Ctrip Popular Scenic Area Review Scraping

Ctrip Popular Scenic Area Review Scraping#

Introduction#

Recently, I participated in a competition that required scraping reviews and information about popular scenic spots in the capital cities of several provinces in Yunnan, Guizhou, and Sichuan. I looked at various projects online, tried most of them, but found the operations too cumbersome. Some required finding parameters one by one, which did not meet my needs. So, I decided to write my own. First, let's take a look at the results.

The scraped data is saved in excel

Scraping in progress

After some time of scraping, I successfully collected reviews from popular scenic spots in all cities of the three provinces, totaling 280,000 data points. Not easy! 😭😭😭

Now, let me share the process of this scraping 🚀🚀🚀

Note: All the code shared here is not complete; for the complete code, see aglorice/CtripSpider: Ctrip Review Scraper, using thread pools to scrape popular scenic area reviews, simple and easy to use. One-click to scrape all popular scenic spots in any province. (github.com)

1. Analyze the Page#

First, go to the Ctrip Strategy.Scenic Spots page, hover the cursor over Domestic (including Hong Kong, Macau, and Taiwan) to get all cities in almost all provinces. This is the source of our city data.

Open the console, and quickly locate the relevant information as shown below.

With this, let's write the code.

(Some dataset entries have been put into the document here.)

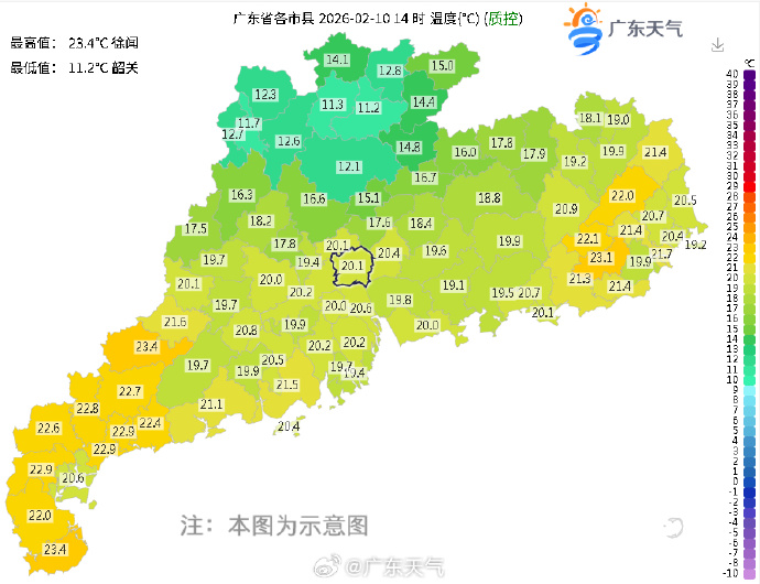 昨天(2月10日)早晨,东北地区东部升温十分明显,不少地方与前一天同时次相比大幅上升了10-20℃,像吉林通化县升幅达22.3℃。14时,广东气温介于11.2~23.4℃之间,从24小时变温图看到,各地都有升温,普宁回升最明显,达7.3℃。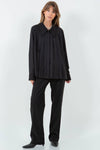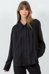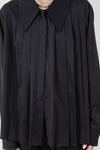 ASYMMETRICAL PLEATING COLLARED SHIRT - BLACK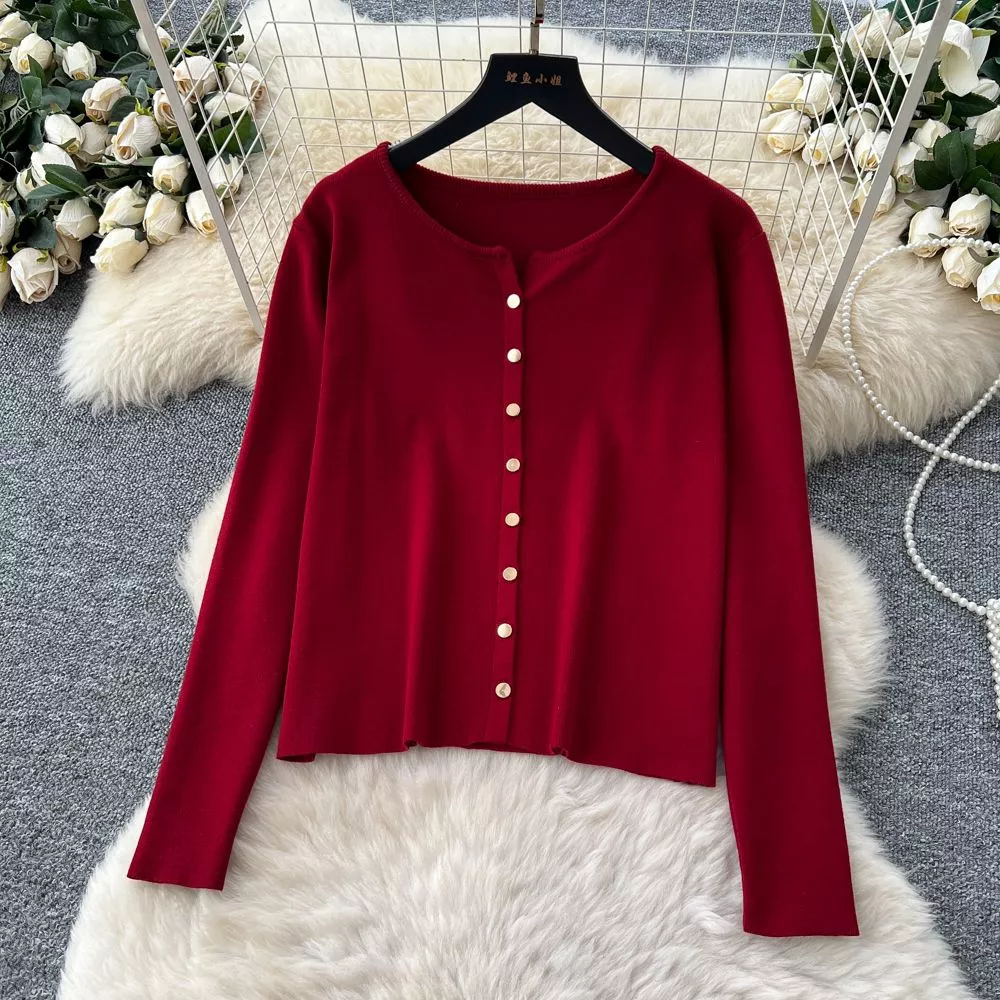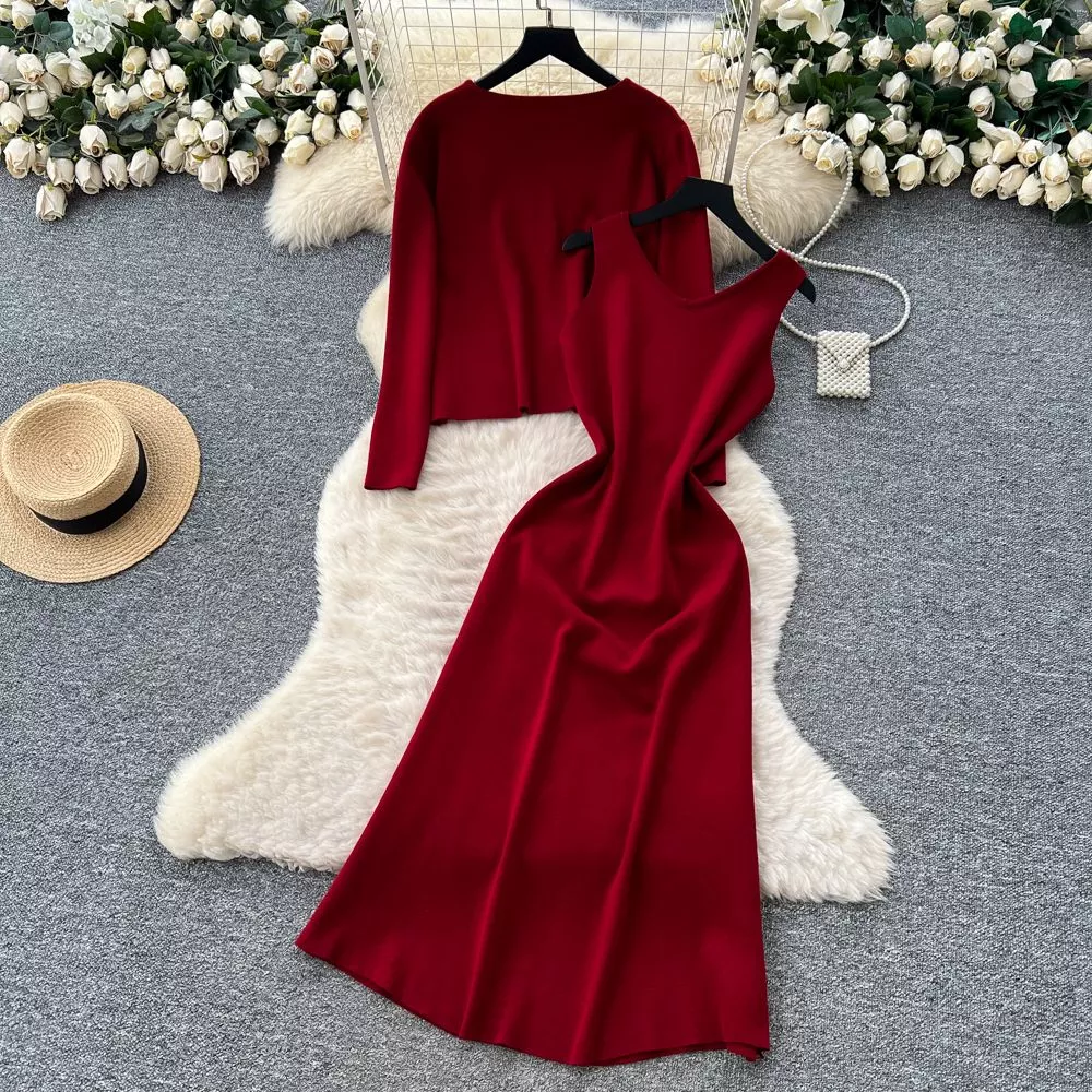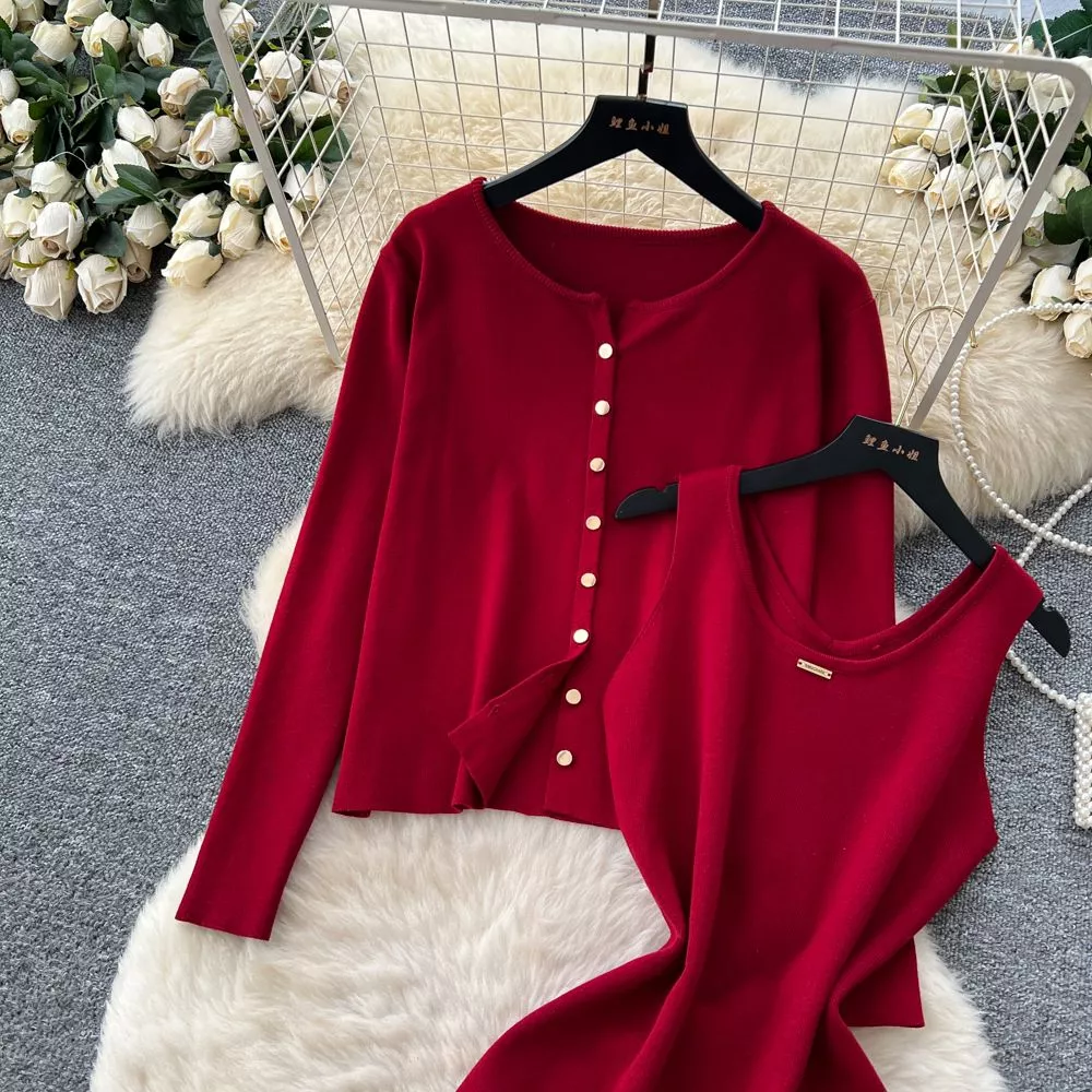 Completo Abito Lungo E Cardigan Maglia Rosso Chic Perfetto Per Eventi CF60443

Here, I use BeautifulSoup to parse the page.

    def get_areas(self) -> list:
        city_list = []
        try:
            res = self.sees.get(
                url=GET_HOME,
                headers={
                    "User-Agent": get_fake_user_agent("pc")
                },
                proxies=my_get_proxy(),
                timeout=TIME_OUT
            )
        except Exception as e:
            self.console.print(f"[red]Failed to get city scenic area information, {e}, you can check your network or proxy.", style="bold red")
            exit()
        res_shop = BeautifulSoup(res.text, "lxml")
        areas = res_shop.find_all("div", attrs={"class": "city-selector-tab-main-city"})

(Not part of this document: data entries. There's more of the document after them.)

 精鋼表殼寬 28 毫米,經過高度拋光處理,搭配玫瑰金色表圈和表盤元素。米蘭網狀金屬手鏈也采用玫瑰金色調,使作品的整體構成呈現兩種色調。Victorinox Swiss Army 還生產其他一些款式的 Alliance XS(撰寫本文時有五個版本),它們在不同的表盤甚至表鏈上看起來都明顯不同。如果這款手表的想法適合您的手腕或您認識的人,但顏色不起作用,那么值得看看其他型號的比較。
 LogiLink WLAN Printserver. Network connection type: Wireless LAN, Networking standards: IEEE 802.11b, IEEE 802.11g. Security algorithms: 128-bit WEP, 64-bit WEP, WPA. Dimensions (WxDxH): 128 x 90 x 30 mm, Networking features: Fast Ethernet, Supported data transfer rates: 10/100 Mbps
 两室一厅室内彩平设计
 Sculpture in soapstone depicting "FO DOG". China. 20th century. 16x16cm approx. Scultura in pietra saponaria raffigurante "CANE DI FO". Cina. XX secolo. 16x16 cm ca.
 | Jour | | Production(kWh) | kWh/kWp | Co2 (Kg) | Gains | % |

        for area in areas:
            area_title = area.find("div", attrs={"class": "city-selector-tab-main-city-title"}).string
            if area_title is None:
                continue
            area_items = area.find_all("div", attrs={"class": "city-selector-tab-main-city-list"})
            area_items_list = [{"name": item.string, "url": item["href"]} for item in area_items[0].find_all("a")]
            city_list.append({
                "name": area_title,
                "city": area_items_list
            })
        return city_list

By this method, all city names and urls of the specified provinces are saved as city.json. The reason for saving them first is mainly for convenience in customization; you can freely add or remove the cities you want to scrape based on your needs. The scraping results are as follows:

Next, we open the urls of these scenic spots. As shown, we can see that the homepage displays popular scenic spots or attractions:

The preliminary work is done; now let's scrape the reviews for the corresponding scenic spots.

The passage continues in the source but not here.